I attach a picture of the cluster monitor, where the memory leakage is
evident.

Regards,
Manuel Cotelo

2009/12/1 Eric J. Walter <ejwalt@wm.edu>:
>
> Dear Francois,
>
> I have put a copy of my input, output, log (called OUTFILE) and psps at the
> following link:
>
> http://piezo1.physics.wm.edu/~ewalter/Abinit_memoryleak/
>
> NOTE:  the input file is for a different system than the one I attached
> previously (the atom species are
> different).  Please disregard the previous one.
>
> I have tried compiling with g95...  The serial code works fine, but never
> showed the memory problem
> anyway.  The parallel version exits right after reading the psp files.  I am
> continuing to look into this problem.
>
> I have also tried compiling with pathscale v3.0, the result is the same as
> the Intel fortran result.
>
> So far, my testing seems to show that the largest problem is in the lobpcgwf
> / lobpcgccwf routine.  In my
> test, I run for 5 iterations and output the "free-(buffers+cache)" result of
>  "free -m" to the output file
> (I have added call system('free -m') to various parts of the 5.8.4 code).

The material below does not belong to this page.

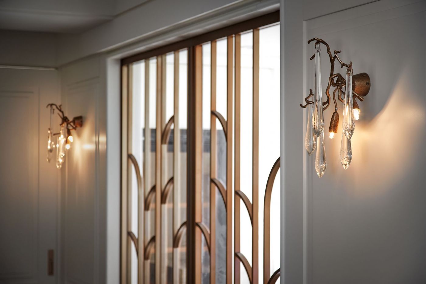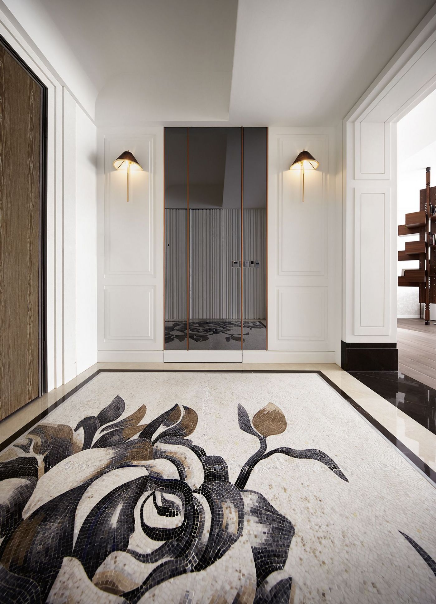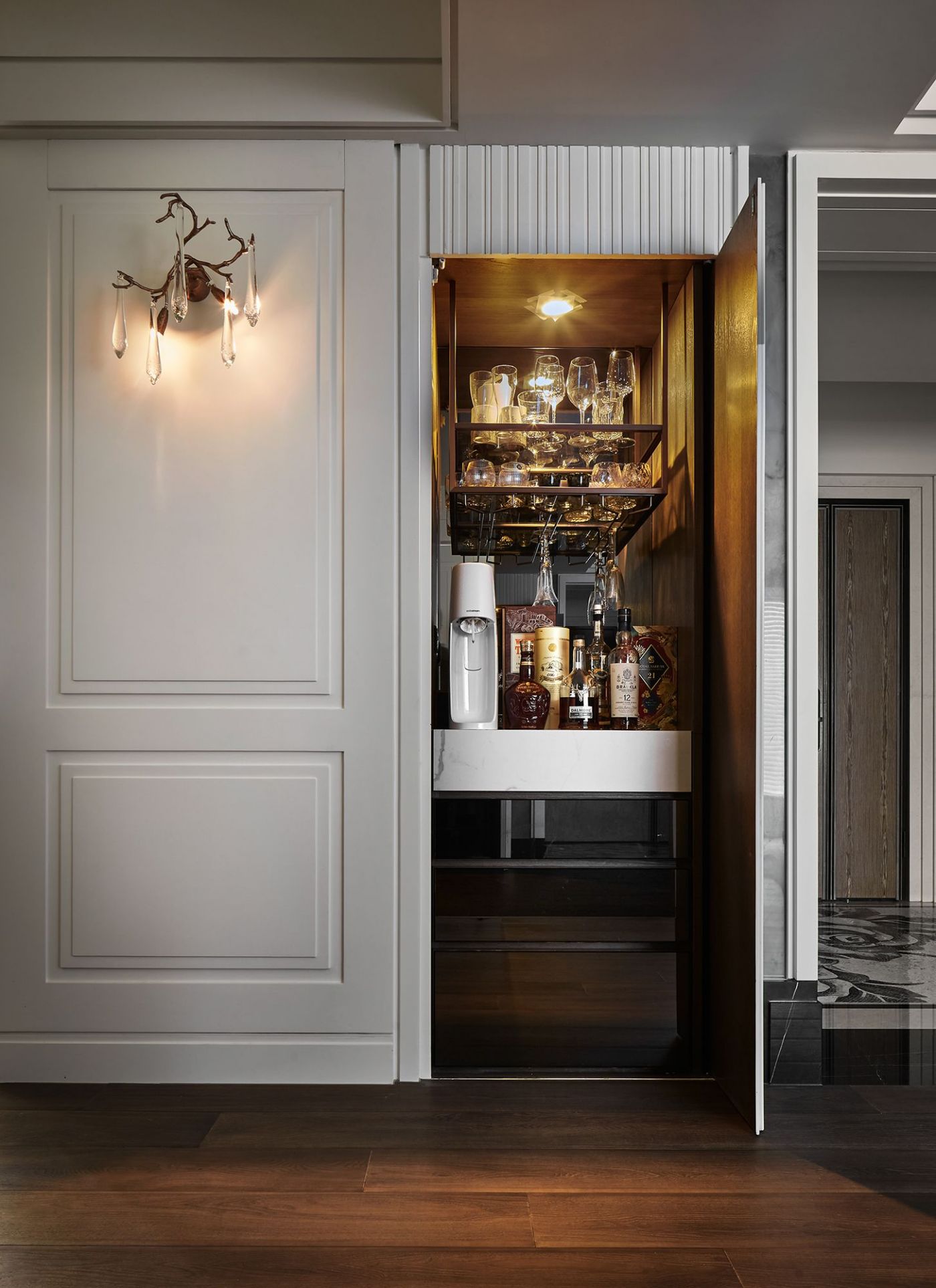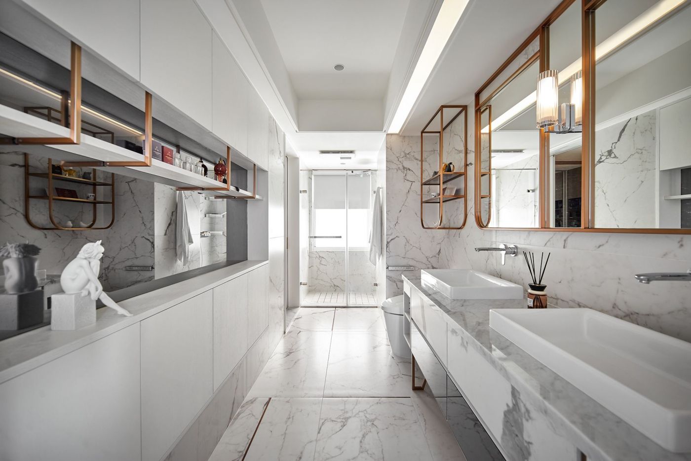 寬敞的室內空間,依著生活機能與空間動線安排就緒, 深刻烙印出主人的美式現代風, 家具、裝飾品和燈飾....客廳獨樹一格的Poltrona Frau 木製旋轉書架,搶眼無比。 沙發背牆的線條比例,與電視牆的白色石頭紋理, 相互映襯,大器非凡。 餐廳引光入室, 葡萄牙Serip古典壁燈以引領我們走入藝術殿堂的氛圍。

>  The graph is posted at the same
> url as above (called memgraph).  You can clearly see 5 repeating patterns,
> one for each iteration.  In the
> serial case using wfoptalg4 (green), you can see that the memory usage from
> iteration to iteration doesn't
> increase.  For the parallel with the lobpcgwf routine (black) the memory
> keeps increasing during each iteration.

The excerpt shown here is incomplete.